3. Think Like an Owner

While working for a Startup, you are expected to become emotionally invested. You are meant to contribute your ideas, effort, and talent beyond your given role and be recognized for your input to the business’s success.

You have the upper hand to practically think like a boss and take initiatives like it is your own.

4. Exercise Your Leadership Capabilities

Some Startups have no clear hierarchies or paths in place and are working towards developing processes and structures that will aid advancement. They need exemplary managers to create and effectively run departments such as marketing, product, sales, and relations during this stage.

You can easily win the spotlight by going the extra mile to create some of the processes that would be invaluable to the organization’s growth and earn yourself a position at one of the high tables, which will get you more deeply involved in the development of the company.

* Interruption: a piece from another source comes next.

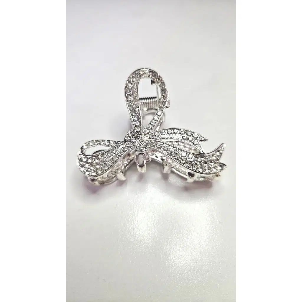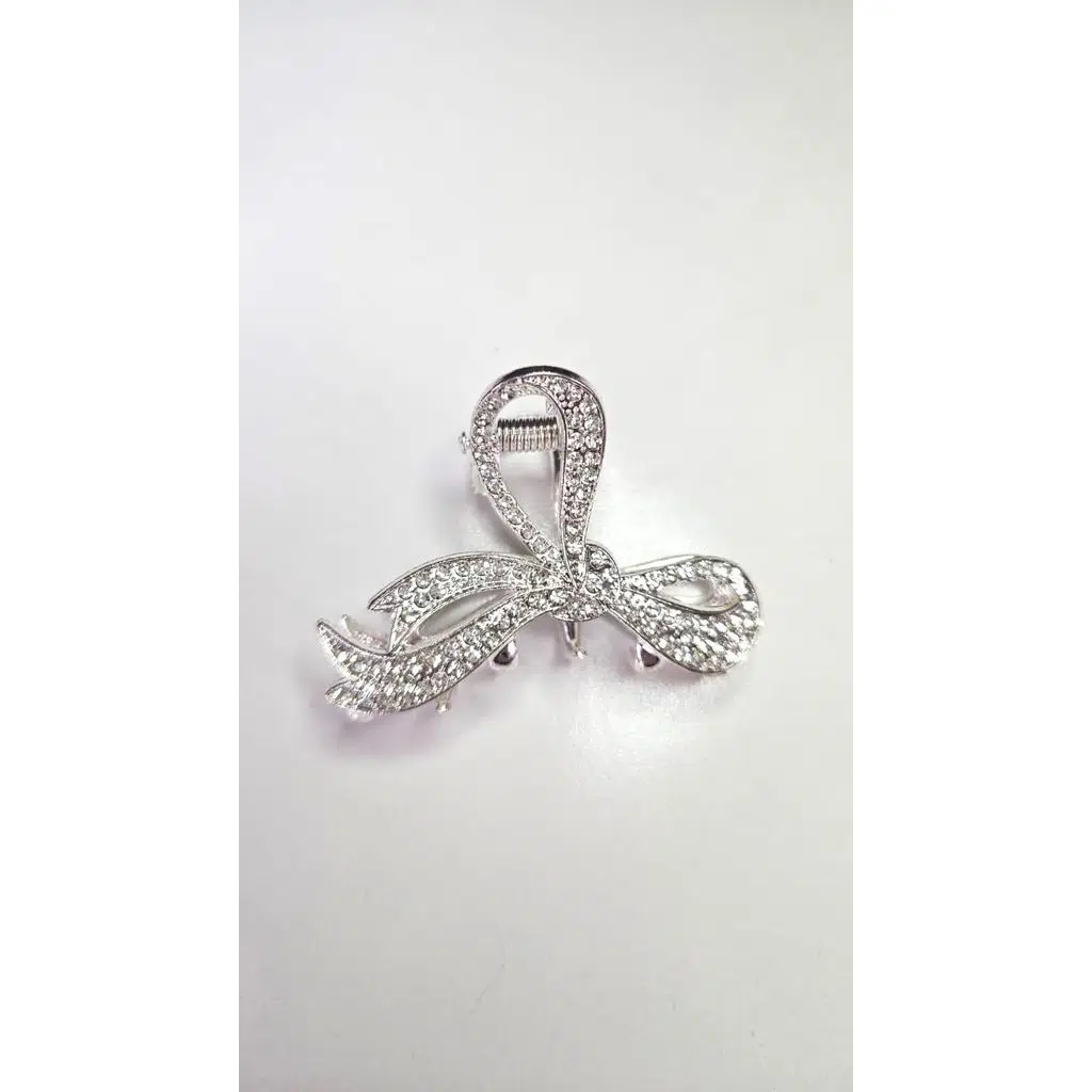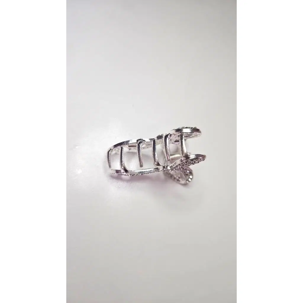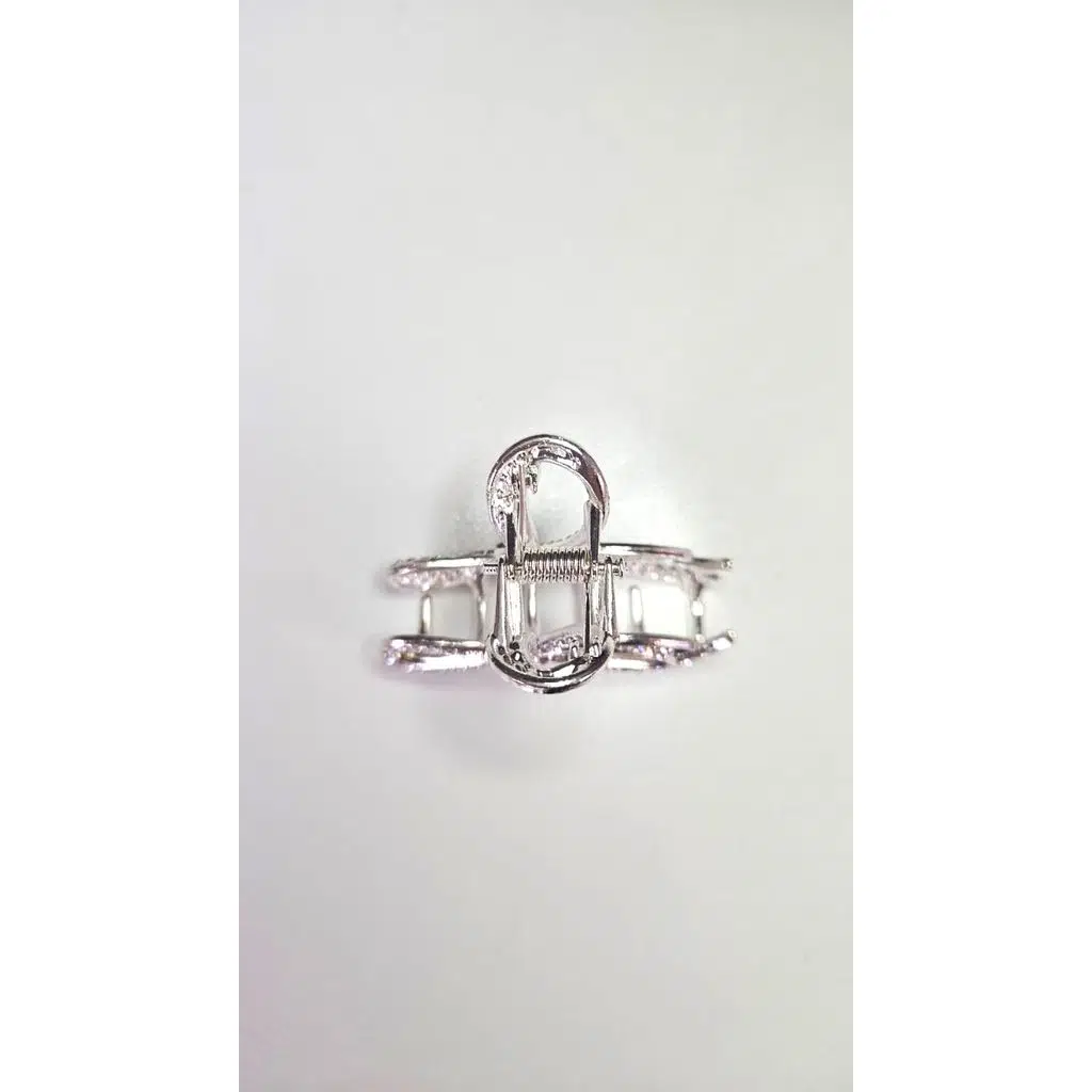 Taşlı Gümüş Renk Çift Taraflı Metal Mandal Saç Tokası 4 cm Küçük Boy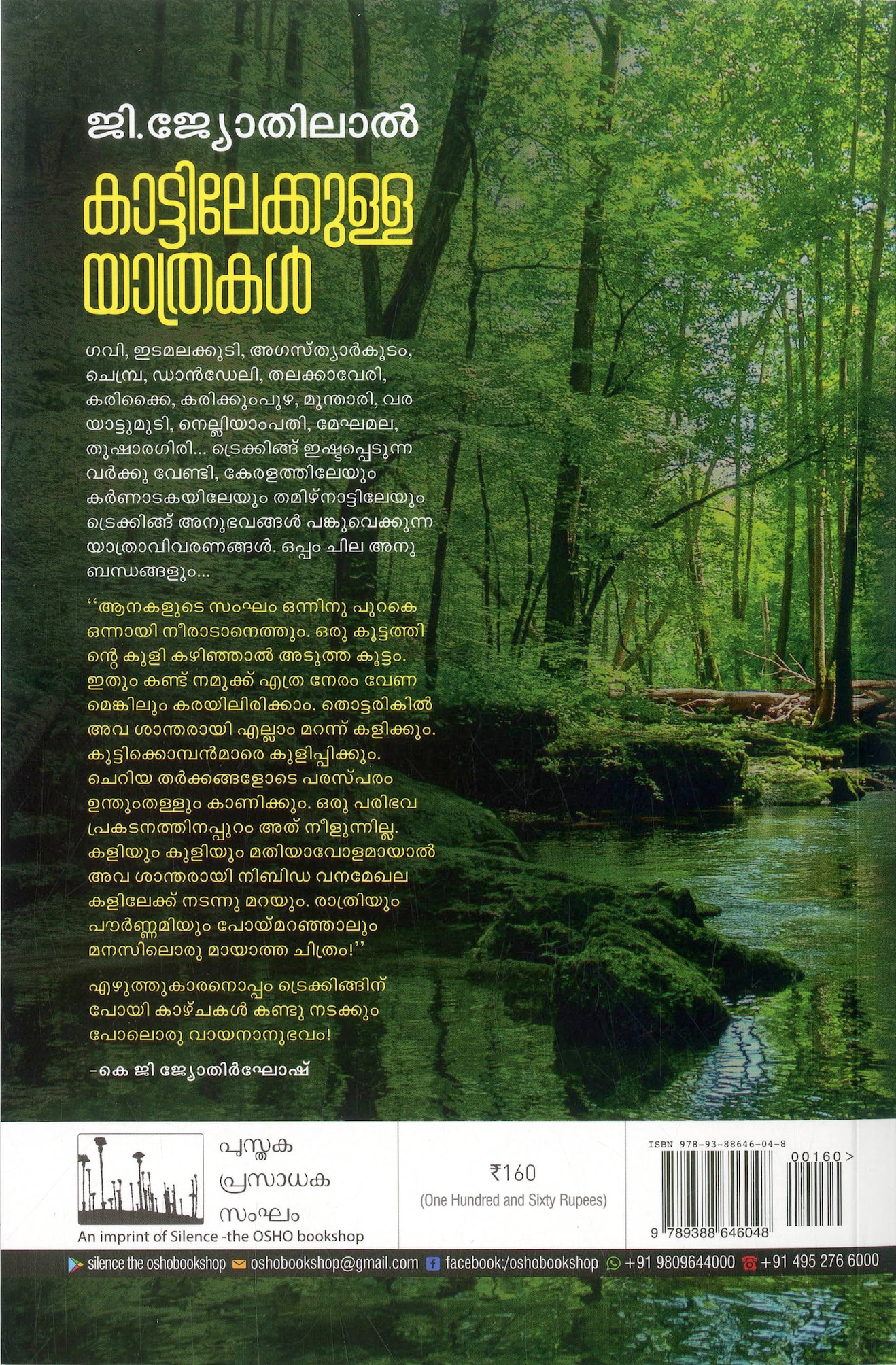 ജ്യോതിലാലിന്റെ കാട്ടിലേക്കുള്ള യാത്രകൾ വായിച്ചാൽ കാട് നമ്മളെത്തിരഞ്ഞു വരുന്ന പ്രതീതിയാണുണ്ടാവുക. സാഹസികതയെ ഓമനിക്കുന്നവർക്കും കാടിനകം കാണാനും പഠിക്കാനും ആഗ്രഹിക്കുന്നവർക്കും ഒരു വഴികാട്ടിയാണ് ഇരുപത്തിയഞ്ചു അദ്ധ്യായങ്ങളിലായി നൂറ്റിഇരുപത്തിയഞ്ചോളം പേജുകളിലായി പടർന്നുകിടക്കുന്ന കാടിന്റെ മനസ്സ് വെളിവാക്കുന്ന ഈ പുസ്തകം –

For instance, at my second startup job with a Real Estate firm, I went outside my job responsibilities as a Digital marketer to develop the company’s profile and immensely contribute to articulating a more precise and concise vision and mission. For that, I was appointed as the Vice-chairman of the management team.

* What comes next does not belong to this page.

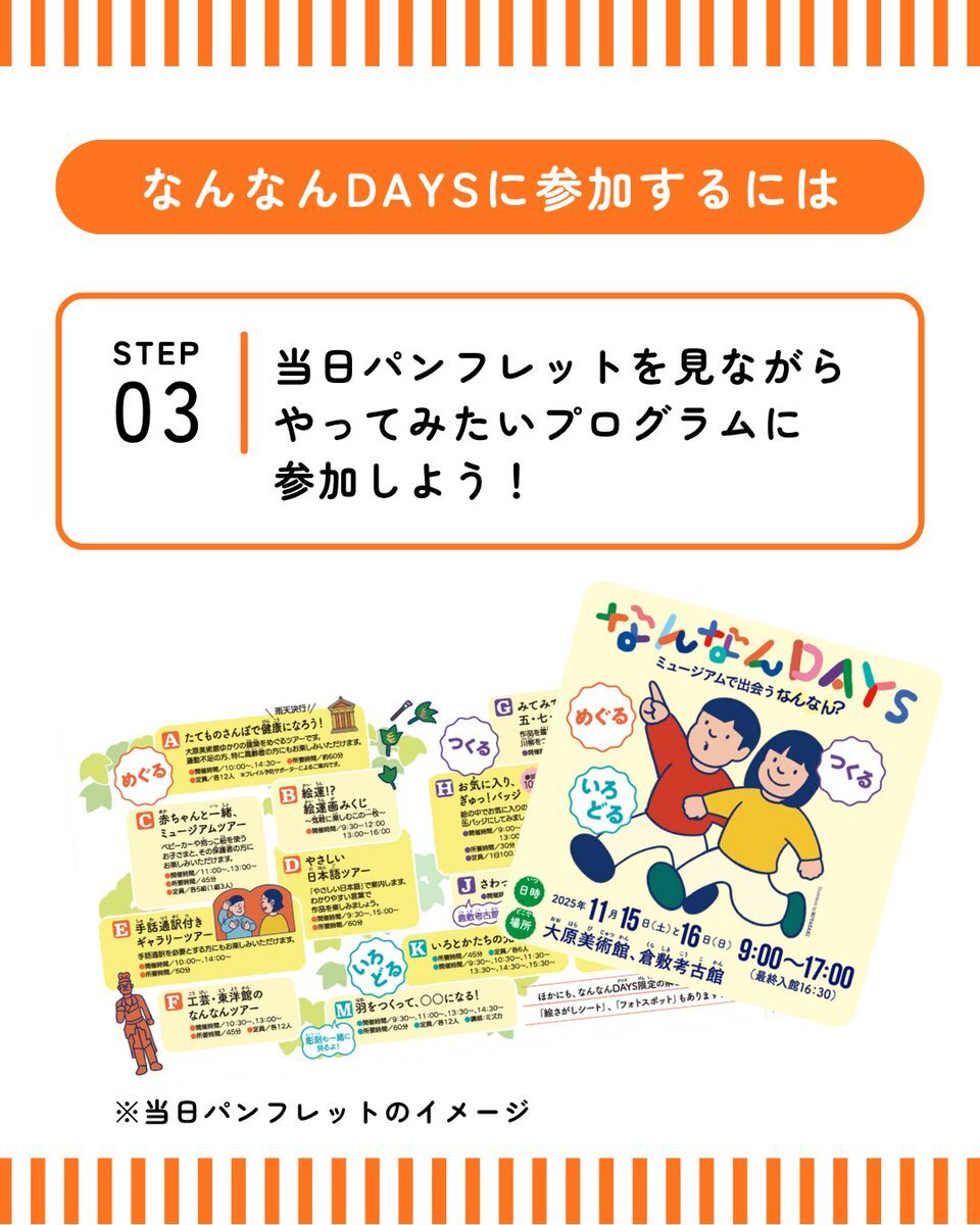 #なんなんDAYS 開催情報➀ 11月15日と16日に開催予定の「なんなんDAYS」 📷参加するにはどうしたらいいの? 📷参加方法をチェックしてみよう! #大原美術館 #倉敷考古館 pic.x.com/9VOKlQT8Oo

5. You’ll be instilled with the value of hard work and self-sustainability

Maybe more important than any other benefit of working at a startup is the realization that hard work, creative thinking, and tenacity are worth a whole lot. Once you’ve created something of your own sweat, something tangible and whole, something you can touch, feel, or use, you really begin to appreciate personal ownership. You’ll more than ever be confident in what you can do, the business you can build, and what the future holds for you as an entrepreneur. 

Working for a startup vs big corporate company

When it comes to a duel between working for a startup and corporate, you probably should first understand the basics of each type of workplace and primary intent. Think about it: A startup may provide more flexible hours now, but will it give you the ability to move up into a senior management position in the future? A corporate job may be the perfect place to get structured on-the-job training, but will it give you the creative thinking skills you need to open your own business in a few years?

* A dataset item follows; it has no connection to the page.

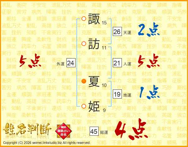諏訪夏姫さんの総運は45画の4点!

To fast-track your entrepreneur journey, you want to work in an environment that would make you a creative thinker and equip you with the skills needed to open your own business.

You might do the same set of tasks for several years at a big corporation until someone above you retires or gets a promotion. While at a startup, your role and responsibilities will frequently evolve, even multiple times a year. Within six months, you might be doing something significantly different from the position you were hired to do. That means your skill set will have to grow at an equally fast clip.

The type of work you perform will change based on the organization’s current challenges. Whether launching a new product, working with an extensive client for the first time, redesigning the website, or trying a new marketing campaign, startups are always experimenting. If you’re committed to learning and adding value, your priorities will shift with every trial and error.

At a big, established company, most roles are highly specialised, and when a new problem occurs, it will be addressed by the person or team with that specific set of skills. If you try to solve a problem not related to your department, you’re likely to step on some toes.

At a startup—especially a very small one—nearly every problem is an opportunity for you to step in and add value. One of the great things about the rapid pace of startup life is that you’ll have the chance to learn various transferable skills needed to build your business ground up than you’ll do in a big corporation.

Conclusion

Working for a startup will teach you to live with stress and pressure and hustle or develop creative solutions. It teaches you to become bold, take risks, set your direction, and move fast along. It is your training ground to make you self-reliant, persistent, resilient, quick, agile, and execution-driven.

So, before you start your own business, it is the most effective conduit to work for a startup and see it as a fertile ground for your transition into entrepreneurship.